The Intersection of Success
There is an intersection between professional and personal success. For years I have viewed this crossing as a utopian junction meant only for those who have finally arrived, finally achieved. Not anymore.
The last 10 years I have worked at an extremely frenzied pace. Medicine does that to us; there are always more patients to care for, more meetings to attend, more articles to read. For many of us success is defined as leadership or perhaps expertise, which means taking on more responsibility and work hours. We find ourselves getting up earlier, staying later, and engaging more. There is less time for our own health and self-care, which we must do outside of work hours.
The irony in this is that at the same time we are caring for people. We are the healers, and whether you are a cardiologist, an emergency room nurse, a physical therapist, an clinic administrator or a pharmacist, your end goal is simple: to heal.
So how do we accomplish this task? Whether acute or chronic disease, we promote wellbeing. We tell our patients to remove stress. To practice good sleep hygiene. To exercise. To eat more real food. To meditate. To eliminate unhealthy behaviors: caffeine, tobacco, poor nutrition, and a sedentary lifestyle, all of which are coping mechanisms for stress. We tell them to take more vacations and participate in more activities.
Do you see the irony?
How many times have you gone to work sick yourself, see a sick patient, and tell them to take it easy?
It’s comical, actually. Because we see this every day in ourselves and our partners and we just smile and keep on truckin’.
How many times have you told a patient to start exercising and eating healthier, only to go home late from work and eat whatever food you can find in the pantry and crash until you have to do it all again tomorrow?
About 6 months ago I started experiencing some palpitations. I noticed they would happen randomly and seemed to be increasing in frequency. I kept it to myself until finally after a few months I casually mentioned them to my friend who is a cardiologist.
He had me wear a recording device that recorded my heart rhythm. I was indeed having quite a few irregular beats, 90% of which I wasn’t even aware. I was shocked. He told me this was most likely completely related to stress. No shocker there.
Do you know what that meant? I actually was in control of my own arrhythmias. I had two choices: deal with the stress in my life, or take a medication. I chose A.

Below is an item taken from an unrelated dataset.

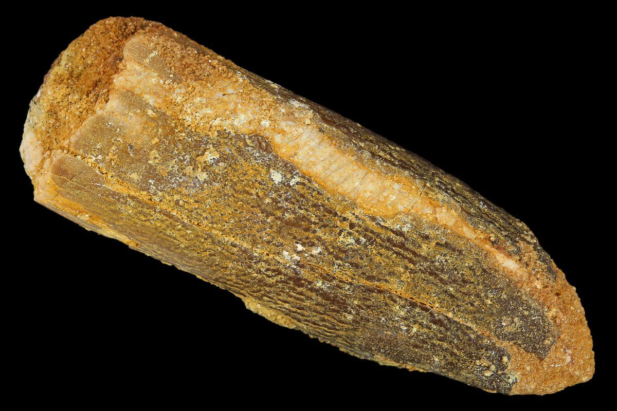 This is a 1.88" long tooth from a Moroccan titanosaur that is currently unidentified. It comes from the Late Cretaceous, Kem Kem Beds of Morocco, home to such meat eating giants as Spinosaurus and Carcharodontosaurus.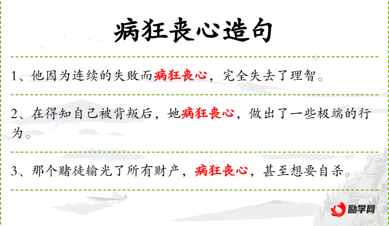 5. 【病狂丧心】 - 狂:疯狂;丧:丧失。丧失理智,像发了疯一样。形容言行昏乱而荒谬。

It was a wake-up call. I’m young(ish). Or at least I think of myself this way, and the stress I had taken on due to my own inability to push away from the responsibility table was affecting my health.
My first internal thought was “Great. Now I have to exercise even MORE. Now I have to meditate even MORE. Ugh. One more thing to do.”
No. No. No.
This was REALLY hard work for me, to change my mindset. I am Type A person, but I learned to carve out time for myself to do nothing.
That’s right, nothing.
In the last four months I have carved out time in my schedule for Sasha. Not my kids, not my work, not my husband, not to do house stuff, not to reconnect with friends, not to write talks or manuscripts or evaluate data. To care for ME. The healer.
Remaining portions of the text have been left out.